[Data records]
===============
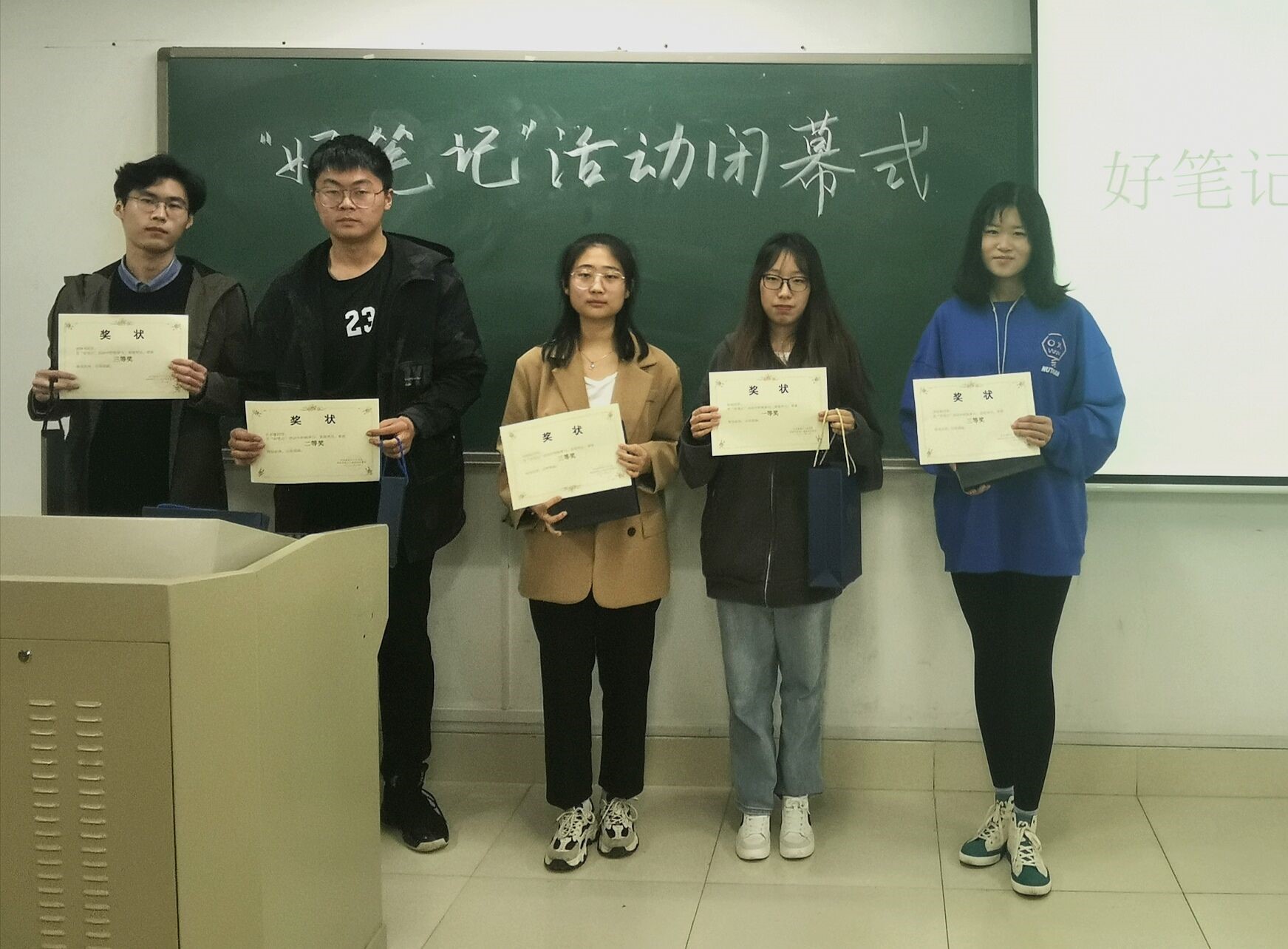 “好笔记”活动启动阶段,收到了近百名同学优秀的笔记作品。活动此次评选过程主要采取线上评选的方式,借助微信公众号展示12名同学优秀的笔记并投票。最终,有6名同学的笔记获得最佳笔记。活动上,刘钟书和石明豪两位同学分别分享了自己记笔记的心得和技巧以及如何使用记好的笔记进行学习。
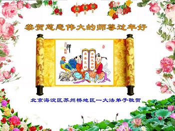 在过去的一年中,是您一路看护我们;是您一次次唤醒我们;是您一回回点化我们;是您一天天鼓励我们……惟愿师尊笑!再次叩谢师恩! 北京海淀区苏州桥一个大法弟子恭祝伟大慈悲的师尊过年好!
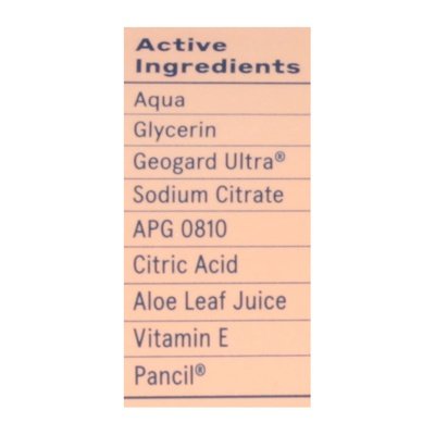 INGREDIENTS: Active Ingredients: Aqua; Function: Solvent; Content %: 96.46; Naturally Derived: 100; Synthetic %: 0; Active Ingredients: Glycerin; Function: Humectant; Content %: 1; Naturally Derived: 100; Synthetic %: 0; Active Ingredients: Geogard Ultra; Function: Preservative; Content %: 0.90; Naturally Derived: 75.25; Synthetic %: 24.75; Active Ingredients: Sodium Citrate; Function: Buffering/pH Control; Content %: 0.45; Naturally Derived: 0; Synthetic %: 100; Active Ingredients: APG 0810; Function: Cleansing; Content %: 0.10; Naturally Derived: 100; Synthetic %: 0; Active Ingredients: Citric Acid; Function: Preservative; Content %: 0.07; Naturally Derived: 0; Synthetic %: 100; Active Ingredients: Aloe Leaf Juice; Function: Conditioning; Content %: 0.01; Naturally Derived: 99.97; Synthetic %: 0.03; Active Ingredients: Vitamin E; Function: Nourishing; Content %: 0.01; Naturally Derived: 100; Synthetic %: 0; Active Ingredients: Pancil; Function: Deodorant; Content %: 1; Naturally Derived: 100 ; Synthetic %: 0.
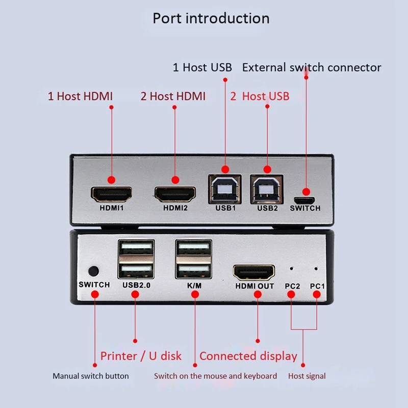 Концентратор поддерживает переключение одной кнопкой между 2 компьютерами для совместного использования 2 периферийных устройств USB 2,0 или HDMI без необходимости постоянно менять кабели.
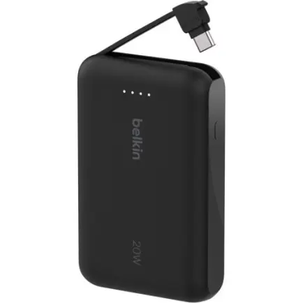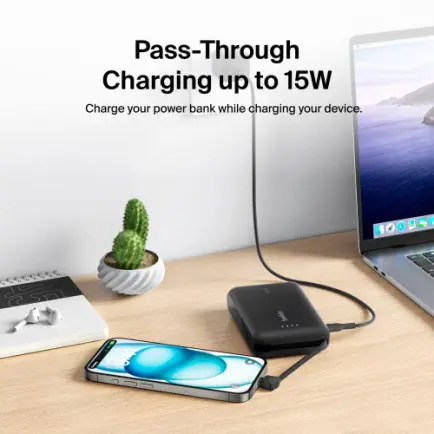 Вбудований кабель USB-C з’єднується з додатковим портом USB-C потужністю 20 Вт, що дозволяє одночасно заряджати два пристрої спільною потужністю 15 Вт. Переконайтеся, що ваш смартфон і планшет живляться незалежно від того, де ви знаходитесь.
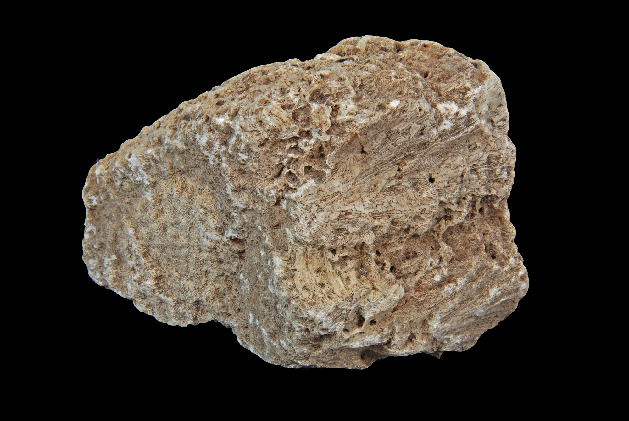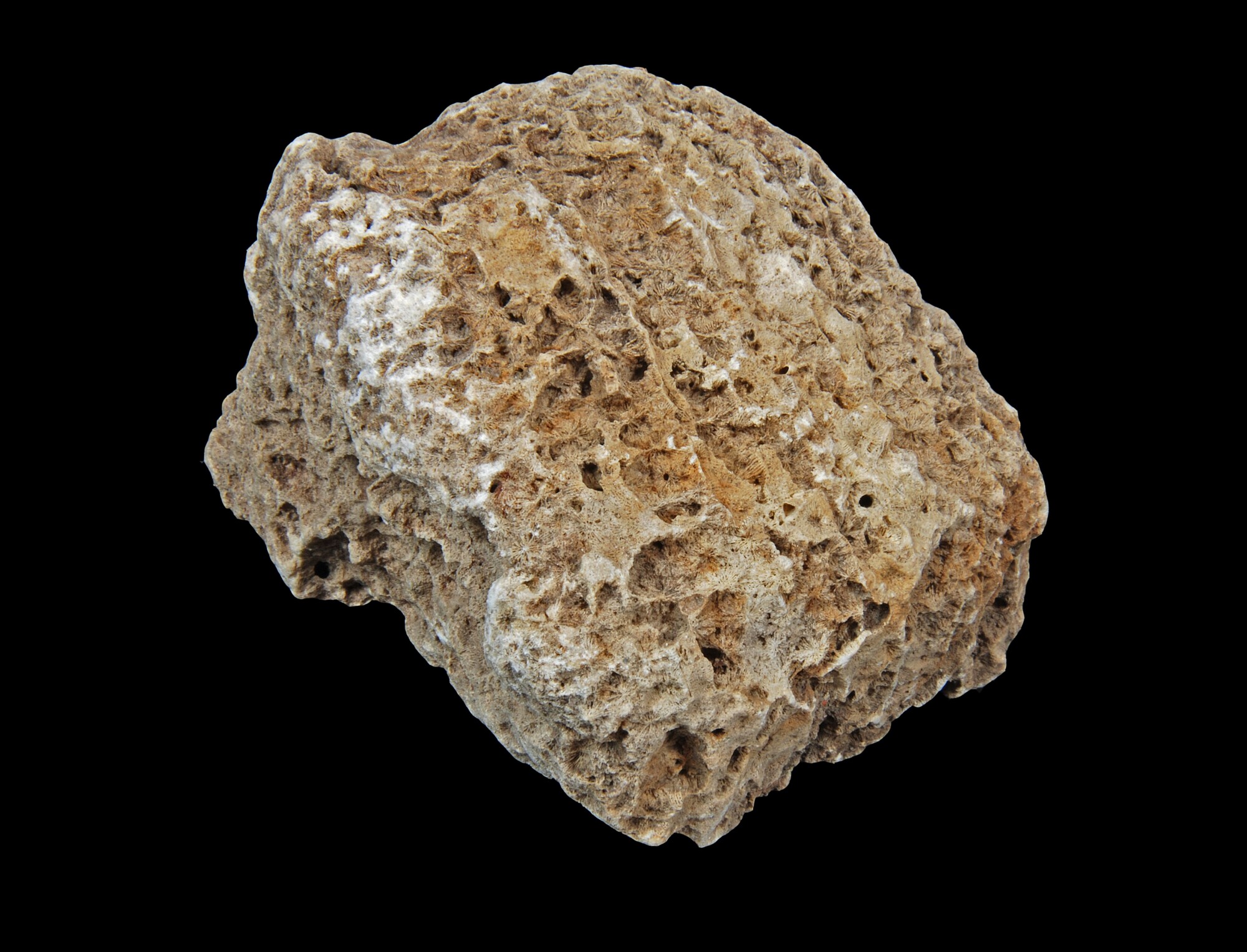 Koraal; kalkskelet van steenkoraal (indet.); brokstuk; vondstomstandigheden: afkomstig uit schelpengalerij
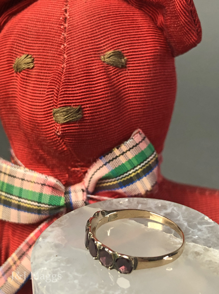 A lovely half-hoop ring in gold, closed-back set with six flat-cut garnet stones (4mm) paw-set in gold bezels. A simple, tapered D-shaped gold band joins at the shoulders. Currently a size 6½, this English, Georgian ring is a wonderful addition to a stack, or beautiful worn alone.
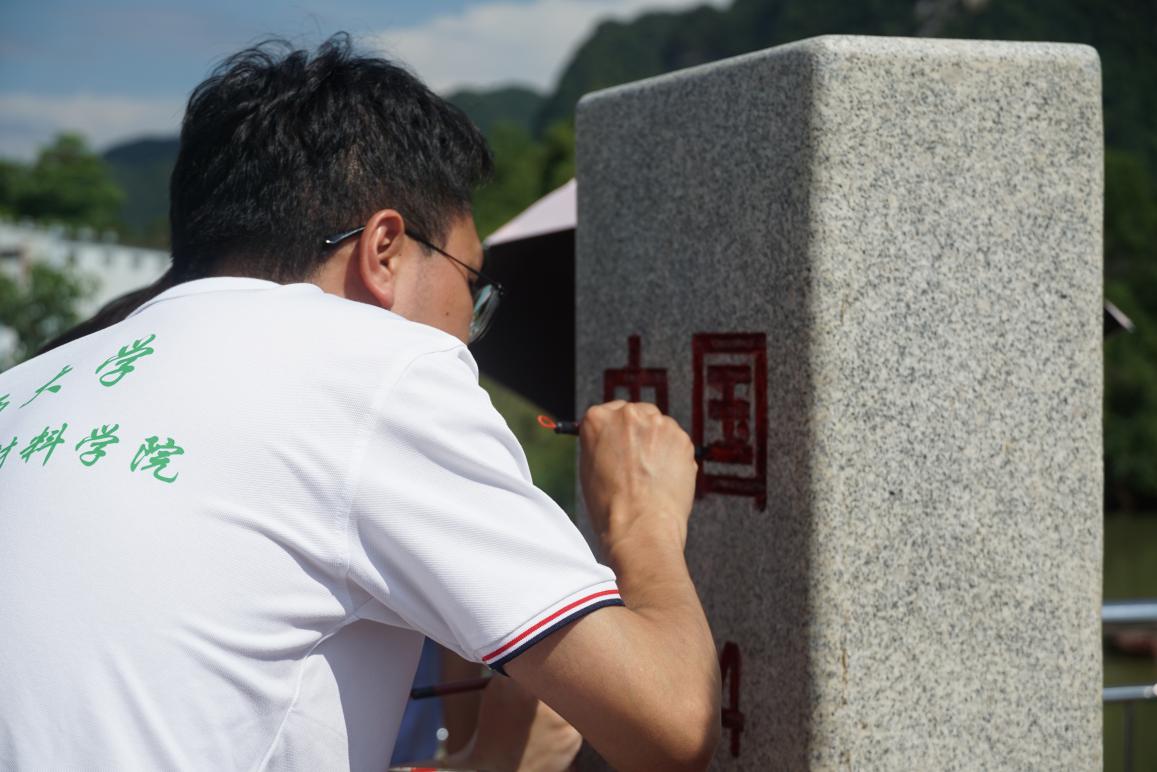 在边境派出所民警的亲切引领下,实践团缓缓步至庄严的944号和836号界碑前。心中满溢着敬畏之情,队员们仔细地清除界碑旁的杂草枯叶细致入微地擦拭着界碑的每一寸,随后以虔诚之心为其描红,以此举向伟大的祖国致以最深的敬意与颂扬。
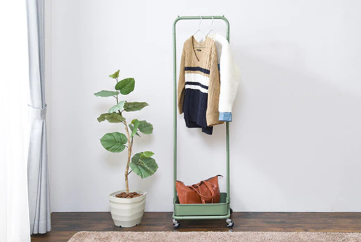 狭い玄関にコート掛けを置きたい!そんな時にはオーダーメイドサイズがおすすめですオーダーメイド収納棚・ラックならミスターアルマン。
===============
• Your objective
Your answer must be an exact copy of the lines from the start of the entries through the line with "在过去的一年中,是您一路看护", with no pictures.

• Written reply
 “好笔记”活动启动阶段,收到了近百名同学优秀的笔记作品。活动此次评选过程主要采取线上评选的方式,借助微信公众号展示12名同学优秀的笔记并投票。最终,有6名同学的笔记获得最佳笔记。活动上,刘钟书和石明豪两位同学分别分享了自己记笔记的心得和技巧以及如何使用记好的笔记进行学习。
 在过去的一年中,是您一路看护我们;是您一次次唤醒我们;是您一回回点化我们;是您一天天鼓励我们……惟愿师尊笑!再次叩谢师恩! 北京海淀区苏州桥一个大法弟子恭祝伟大慈悲的师尊过年好!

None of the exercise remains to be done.